◆ PROVIDED INFORMATION
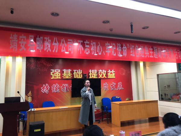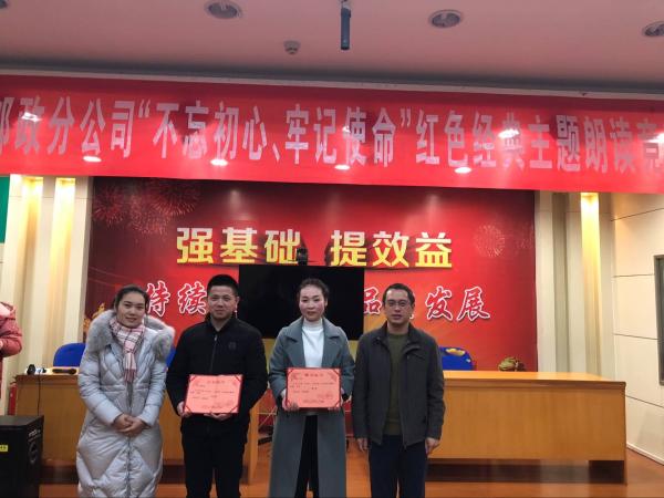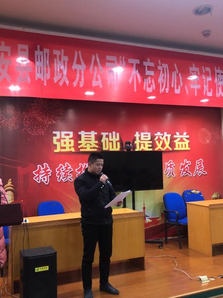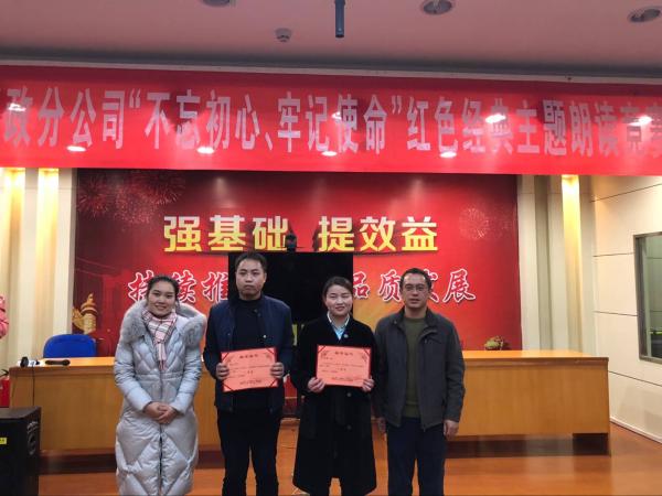 為深入推進黨的十九大精神的學(xué)習(xí)貫徹,12月10日晚,靖安縣郵政工會開展了“不忘初心、牢記使命”紅色經(jīng)典主題朗讀競賽活動。來自柜員、營業(yè)員、會計,財富中心經(jīng)理等不同崗位的10位參賽選手,用朗誦的形式歌頌黨的十九大、歌頌革命烈士、歌頌企業(yè)的勞模先進事跡??h分公司總經(jīng)理鄒運芳、副總經(jīng)理吳慧敏、工會組織委員左紫霞、渠道平臺中心經(jīng)理陳開銀、市場營銷部副經(jīng)理黃亞婷擔(dān)任評委,工會干事賈穎濤擔(dān)任主持人。
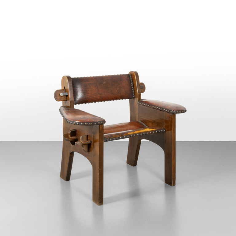 Legno di noce, imbottiture rivestite in pelle (strappi).
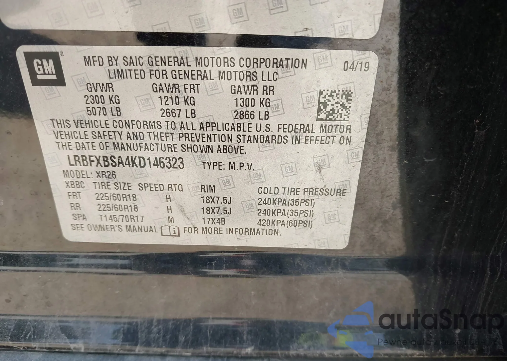 LOT: 42182268 VIN: LRBFXBSA4KD146323
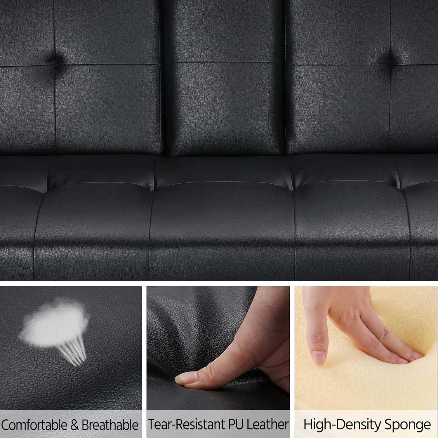 | Modern Aesthetic: Sleek black faux leather offers a crisp look that fits modern and minimalist decor. | Sliding Issue: Sofa can be lightweight, making it prone to sliding on smooth floors. |
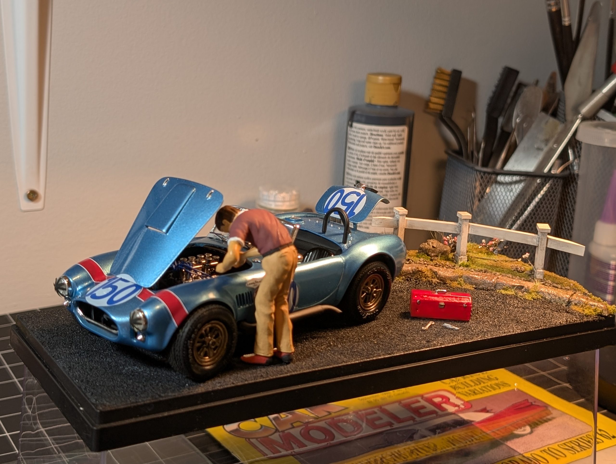 Decals from “LeMans Decals”, scratch built fender louvers, gas cap, protection plate, & licence plate holder. Tape added to headlights, truck tail lights, photo etched seatbelts, wired engine. Front bumper delete, added chrome brace. Reworked rear bumper as well. Scratch built fence, hydrocal casted rocks and curb, sand for road texture, Tamiya tools and toolbox, HO scale flowers for flower bushes. Woodland Scenics turf, static grass. Oil washedmultiple times. Man fixing car figure.
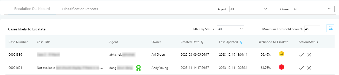 Agent Filter allows you to pull up cases by agent. Select an agent’s name to find all the cases the agent has worked on. The pulled up cases are segmented into two parts: Escalated Cases and Cases Likely to be Escalated.

◆ WORK TO BE COMPLETED
What is needed is a word-for-word copy of the data above, free of any images.

◆ ANSWER AREA
 為深入推進黨的十九大精神的學(xué)習(xí)貫徹,12月10日晚,靖安縣郵政工會開展了“不忘初心、牢記使命”紅色經(jīng)典主題朗讀競賽活動。來自柜員、營業(yè)員、會計,財富中心經(jīng)理等不同崗位的10位參賽選手,用朗誦的形式歌頌黨的十九大、歌頌革命烈士、歌頌企業(yè)的勞模先進事跡??h分公司總經(jīng)理鄒運芳、副總經(jīng)理吳慧敏、工會組織委員左紫霞、渠道平臺中心經(jīng)理陳開銀、市場營銷部副經(jīng)理黃亞婷擔(dān)任評委,工會干事賈穎濤擔(dān)任主持人。
 Legno di noce, imbottiture rivestite in pelle (strappi).
 LOT: 42182268 VIN: LRBFXBSA4KD146323
 | Modern Aesthetic: Sleek black faux leather offers a crisp look that fits modern and minimalist decor. | Sliding Issue: Sofa can be lightweight, making it prone to sliding on smooth floors. |
 Decals from “LeMans Decals”, scratch built fender louvers, gas cap, protection plate, & licence plate holder. Tape added to headlights, truck tail lights, photo etched seatbelts, wired engine. Front bumper delete, added chrome brace. Reworked rear bumper as well. Scratch built fence, hydrocal casted rocks and curb, sand for road texture, Tamiya tools and toolbox, HO scale flowers for flower bushes. Woodland Scenics turf, static grass. Oil washedmultiple times. Man fixing car figure.
 Agent Filter allows you to pull up cases by agent. Select an agent’s name to find all the cases the agent has worked on. The pulled up cases are segmented into two parts: Escalated Cases and Cases Likely to be Escalated.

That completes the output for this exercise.